__Task to complete__.
In your copy, repeat each record exactly and include no pictures.

__Dataset entries__.
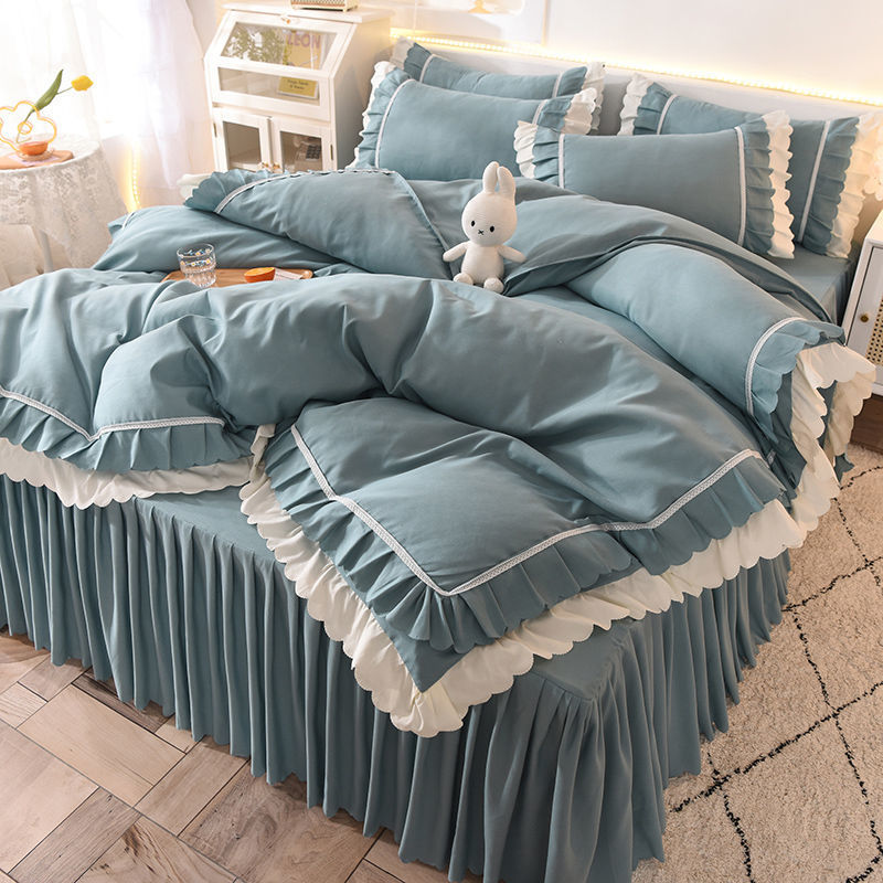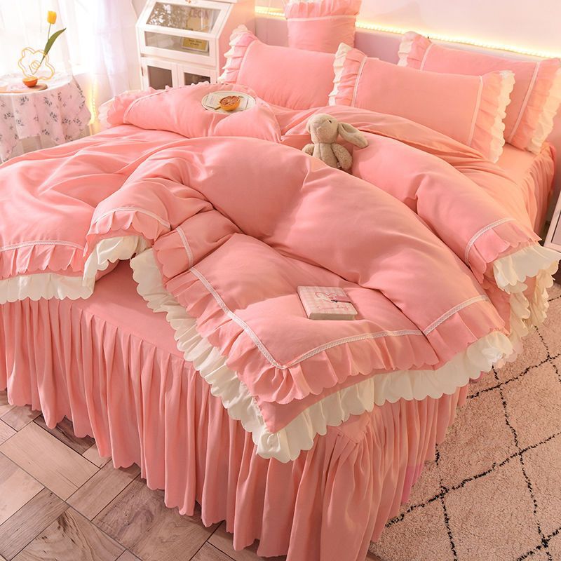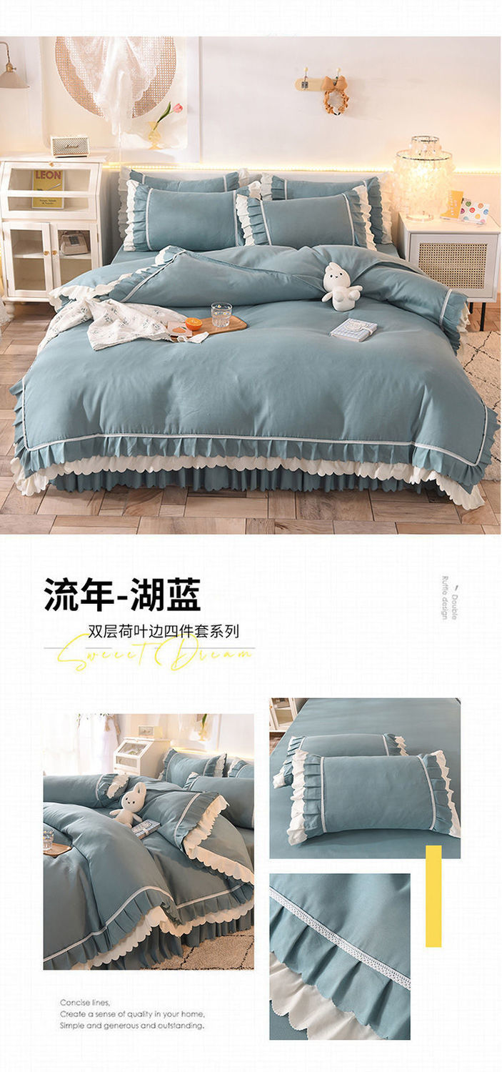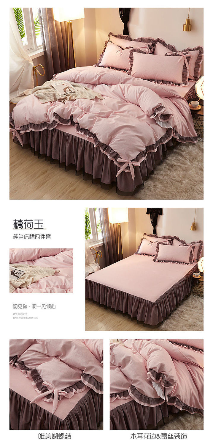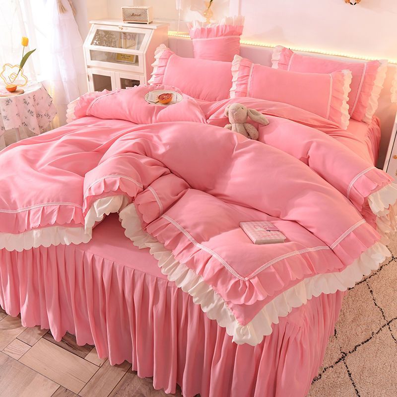 网红款加厚床裙四件套韩版公主风磨毛床罩床单双人被套床上三件套
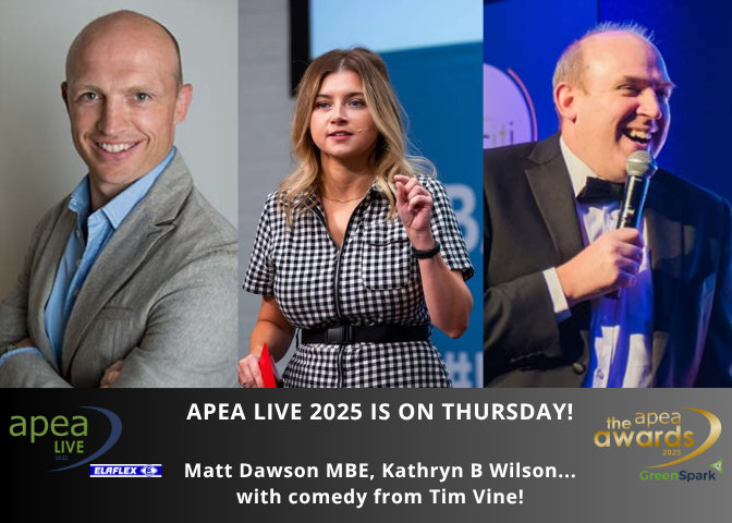 The preceding daytime Conference and Exhibition, sponsored by Elaflex, will be hosted by Broadcaster and Presenter, Kathryn B Wilson! f you have not registered your FREE place at the daytime Conference and Exhibition, now is the time! Your FREE daytime delegate pass provides access to all areas; the Conference, the Exhibition and all networking zones. Click here Book Tickets for APEA Live 2025
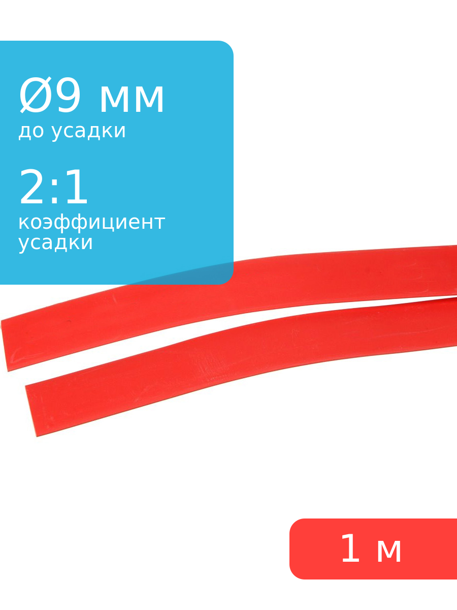 Трубка термоусадочная 9.0*1000 красная, 1 метр
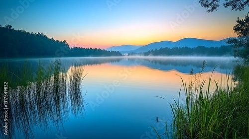 Fototapeta premium Serene Sunrise over Misty Mountain Lake: A Breathtaking Reflection of...
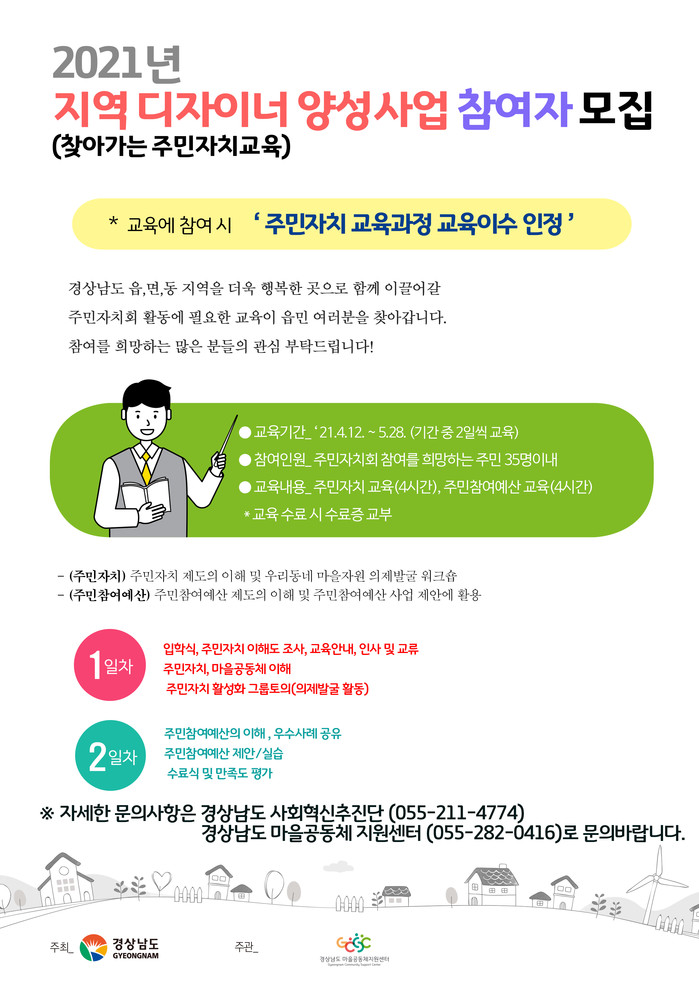 [창원=최성일 기자] 경남도는 12일 창녕군을 시작으로 오는 5월까지 주민자치위원회를 주민자치회로 전환할 예정인 7개 시·군 12개 읍·면·동에서 ‘지역디자이너 양성사업’을 추진한다고 밝혔다.
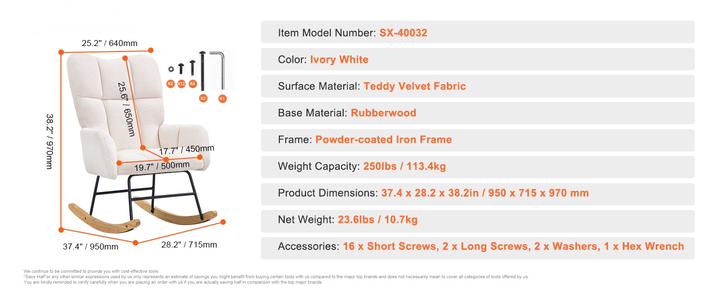 Keinutuoli teddy-kangas kumipuujalusta metallirunko 113,4 kg kantavuus korkeaselkäinen norsunluunvalkoinen imetystuoli
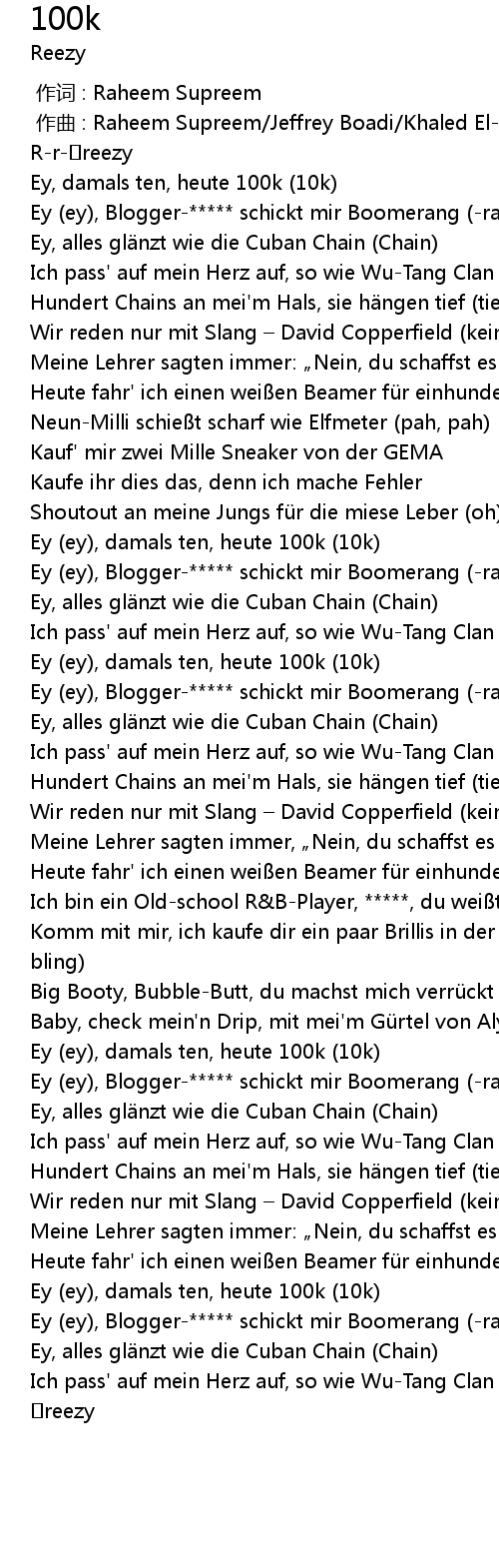 | [01:50.37] | Ey (ey), damals ten, heute 100k (10k) |
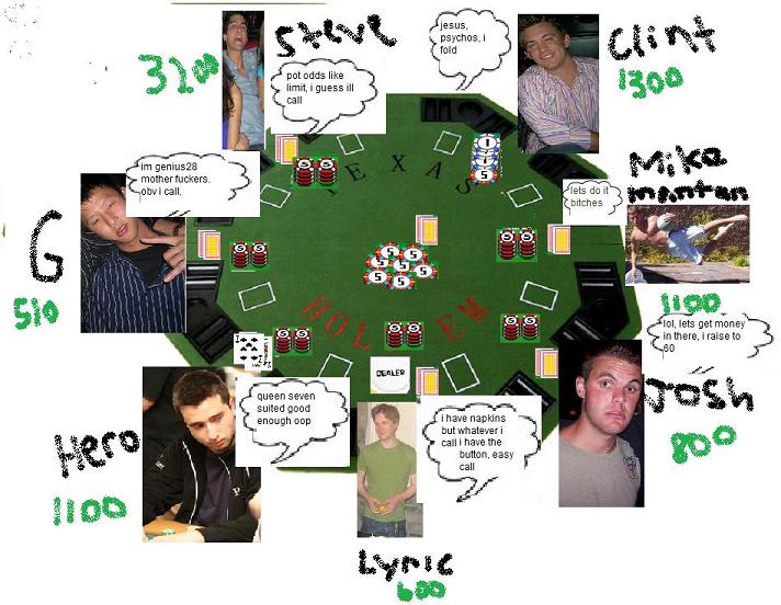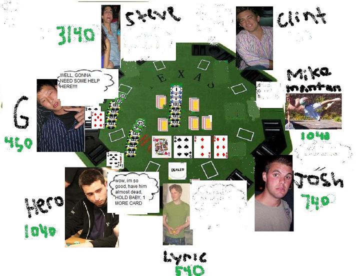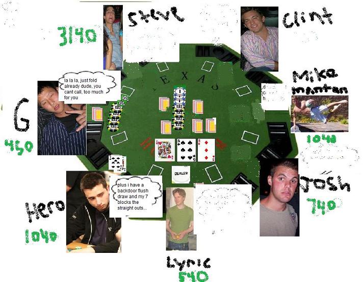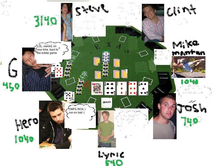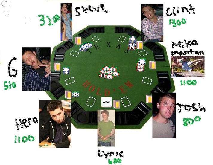 we all go a little crazy and decide for this hand we are going to play with a 5 dollar ante instead of 1 dollar. Here is how the hand went down in picture form. the green numbers beside our names is how much money we started the hand with.
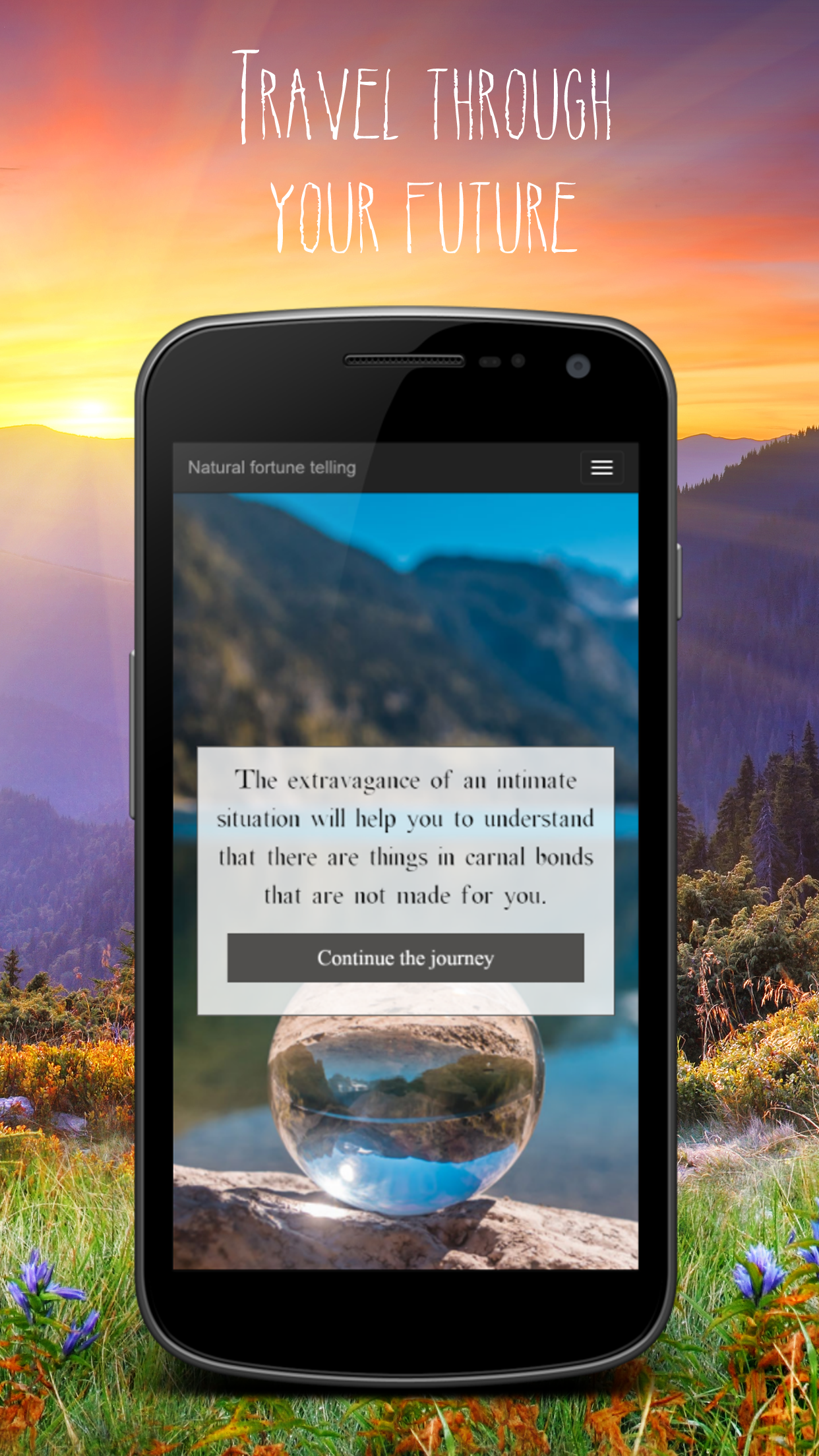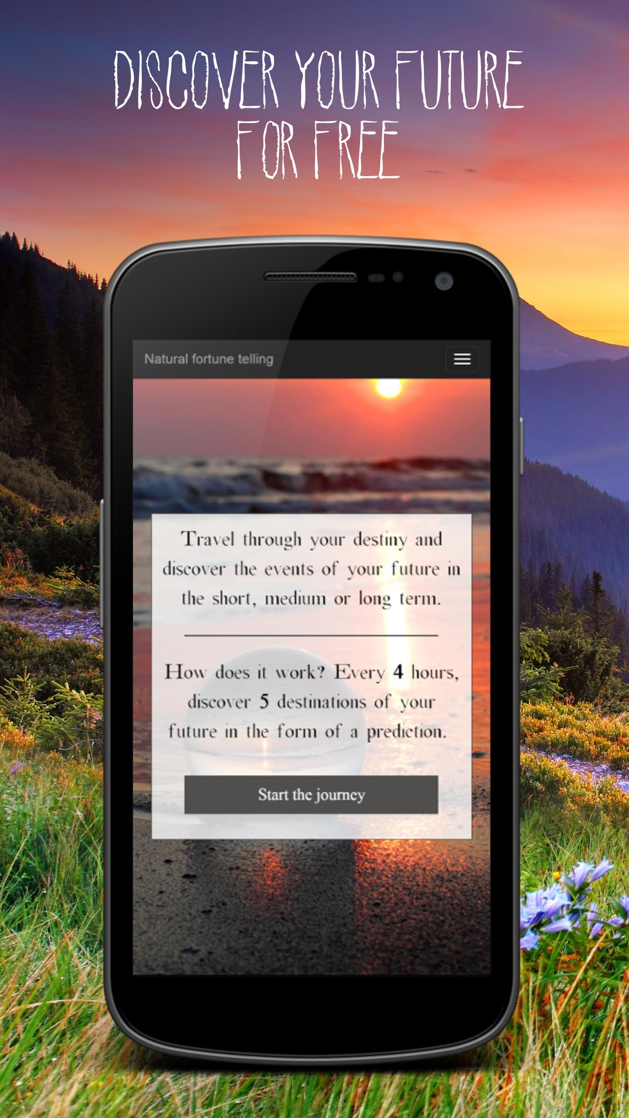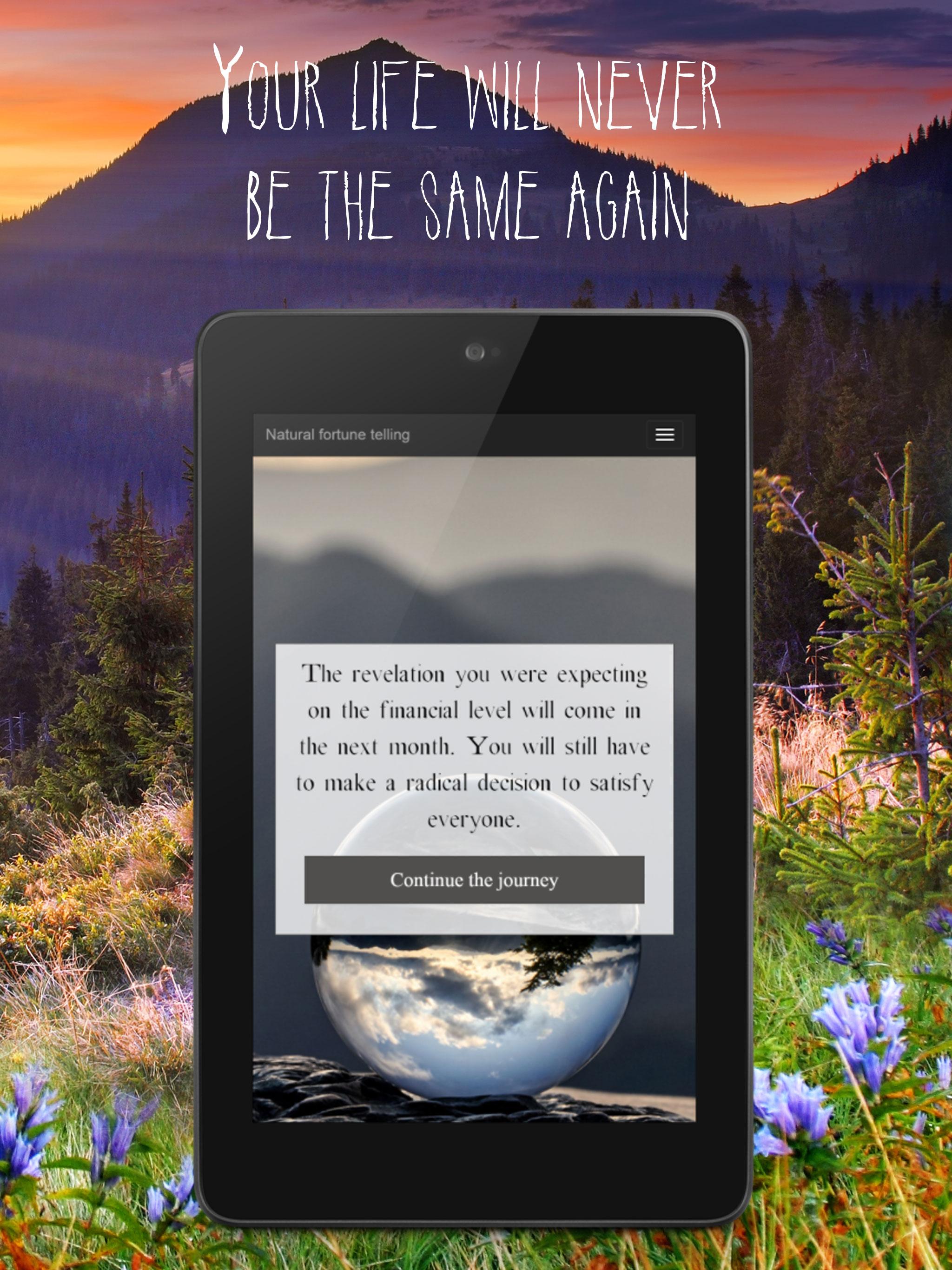 Really natural and real psychic readings ! This free fortuneteller application allows you to take a fascinating journey through your future and destiny. Thanks to the combined power of the crystal ball and the forces of nature, you will obtain a clear vision of your future, 100% natural and true. Your destiny is intrinsically linked to that of the planet Earth. It is for this reason that listening to it gives this psychic readings app an extraordinary ability to read the events that will punctuate your future life. Letting this free energy invade you is probably one of the best ways to stay in touch with yourself today. This application will help you do that. The natural fortune telling that uses the planet's natural vectors is undoubtedly the purest, most powerful that exists. You will get truly powerful and true psychic readings. This journey will simply take place through our ball of vision that will explore your destiny. Choose a direction without thinking, and the application will reveal one of its natural readings, yours. You will be able to navigate from step to step, 5 times every 4 hours, until all energies are fully recharged. If you have doubts, fears, questions about your love life, fears or if you don't know where you stand in this over-urbanized world, then this application will be right for you. It's free and you'll get more than answers because this fortune teller will be a guide for you.

__Expected answer__.
 网红款加厚床裙四件套韩版公主风磨毛床罩床单双人被套床上三件套
 The preceding daytime Conference and Exhibition, sponsored by Elaflex, will be hosted by Broadcaster and Presenter, Kathryn B Wilson! f you have not registered your FREE place at the daytime Conference and Exhibition, now is the time! Your FREE daytime delegate pass provides access to all areas; the Conference, the Exhibition and all networking zones. Click here Book Tickets for APEA Live 2025
 Трубка термоусадочная 9.0*1000 красная, 1 метр
 Fototapeta premium Serene Sunrise over Misty Mountain Lake: A Breathtaking Reflection of...
 [창원=최성일 기자] 경남도는 12일 창녕군을 시작으로 오는 5월까지 주민자치위원회를 주민자치회로 전환할 예정인 7개 시·군 12개 읍·면·동에서 ‘지역디자이너 양성사업’을 추진한다고 밝혔다.
 Keinutuoli teddy-kangas kumipuujalusta metallirunko 113,4 kg kantavuus korkeaselkäinen norsunluunvalkoinen imetystuoli
 | [01:50.37] | Ey (ey), damals ten, heute 100k (10k) |
 we all go a little crazy and decide for this hand we are going to play with a 5 dollar ante instead of 1 dollar. Here is how the hand went down in picture form. the green numbers beside our names is how much money we started the hand with.
 Really natural and real psychic readings ! This free fortuneteller application allows you to take a fascinating journey through your future and destiny. Thanks to the combined power of the crystal ball and the forces of nature, you will obtain a clear vision of your future, 100% natural and true. Your destiny is intrinsically linked to that of the planet Earth. It is for this reason that listening to it gives this psychic readings app an extraordinary ability to read the events that will punctuate your future life. Letting this free energy invade you is probably one of the best ways to stay in touch with yourself today. This application will help you do that. The natural fortune telling that uses the planet's natural vectors is undoubtedly the purest, most powerful that exists. You will get truly powerful and true psychic readings. This journey will simply take place through our ball of vision that will explore your destiny. Choose a direction without thinking, and the application will reveal one of its natural readings, yours. You will be able to navigate from step to step, 5 times every 4 hours, until all energies are fully recharged. If you have doubts, fears, questions about your love life, fears or if you don't know where you stand in this over-urbanized world, then this application will be right for you. It's free and you'll get more than answers because this fortune teller will be a guide for you.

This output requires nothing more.